START AVAILABLE DATA
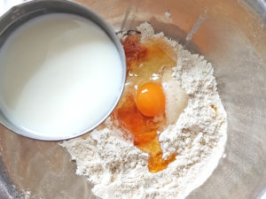 ![]() 3:窪みを作り、卵、牛乳、メープルシロップ、レモン汁を加え、泡立て器で、生地が滑らかになるまで混ぜます。 ![]() ※混ぜすぎるとスコーンが固くなるので注意! |
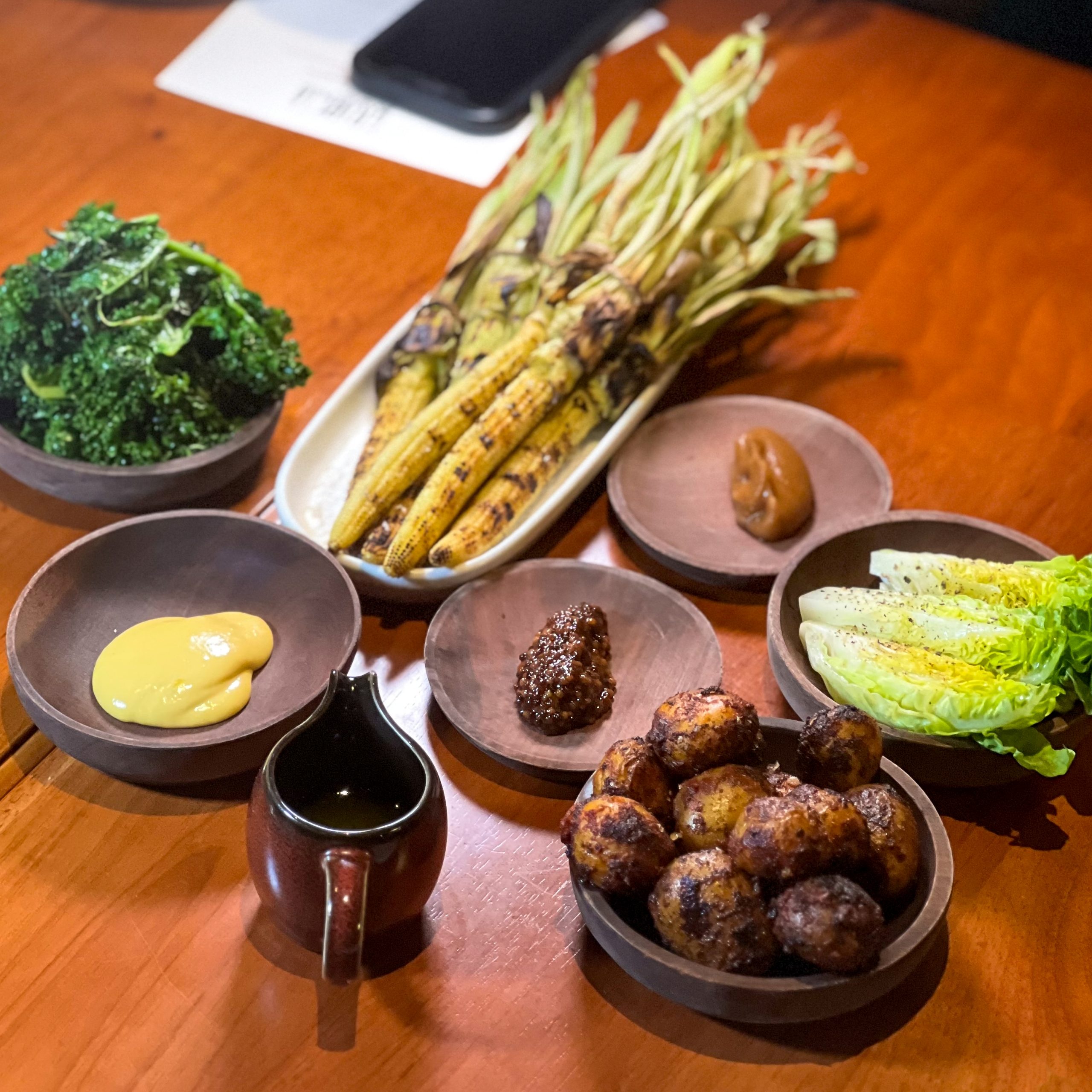 Next, it was finally time to tackle the Open Fire Grill section, which commenced with an rustic-looking array of sides, including Roasted Potatoes (S$10), Charcoal Grilled Baby Corn (S$10) with brown butter sabayon, and some seriously addictive Sautéed Kale (S$12) tossed in a mildly sweet white balsamico, which left me pleasantly surprised.
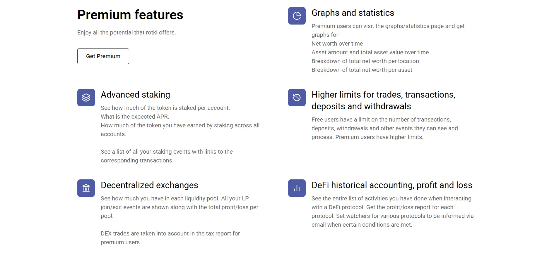 Free users have access to core features such as viewing recent transactions, net worth graphs (limited to 2 weeks), and integration with select services. Premium users unlock advanced analytics, higher data limits, detailed staking and profit/loss reports, and syncing across multiple devices with encrypted backups. Unique to Rotki is also a bespoke crypto accounting service where professionals use the software and custom scripts to help users reconcile complex portfolios for reporting or audit purposes.
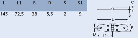 8570 ZAWIAS SYMETRYCZNY 145X38 NIERDZEWNY A2
END AVAILABLE DATA
## WHAT IS BEING ASKED
Would you return the whole listing exactly, without the pictures?

## COMPLETED TASK
 ![]() 3:窪みを作り、卵、牛乳、メープルシロップ、レモン汁を加え、泡立て器で、生地が滑らかになるまで混ぜます。 ![]() ※混ぜすぎるとスコーンが固くなるので注意! |
 Next, it was finally time to tackle the Open Fire Grill section, which commenced with an rustic-looking array of sides, including Roasted Potatoes (S$10), Charcoal Grilled Baby Corn (S$10) with brown butter sabayon, and some seriously addictive Sautéed Kale (S$12) tossed in a mildly sweet white balsamico, which left me pleasantly surprised.
 Free users have access to core features such as viewing recent transactions, net worth graphs (limited to 2 weeks), and integration with select services. Premium users unlock advanced analytics, higher data limits, detailed staking and profit/loss reports, and syncing across multiple devices with encrypted backups. Unique to Rotki is also a bespoke crypto accounting service where professionals use the software and custom scripts to help users reconcile complex portfolios for reporting or audit purposes.
 8570 ZAWIAS SYMETRYCZNY 145X38 NIERDZEWNY A2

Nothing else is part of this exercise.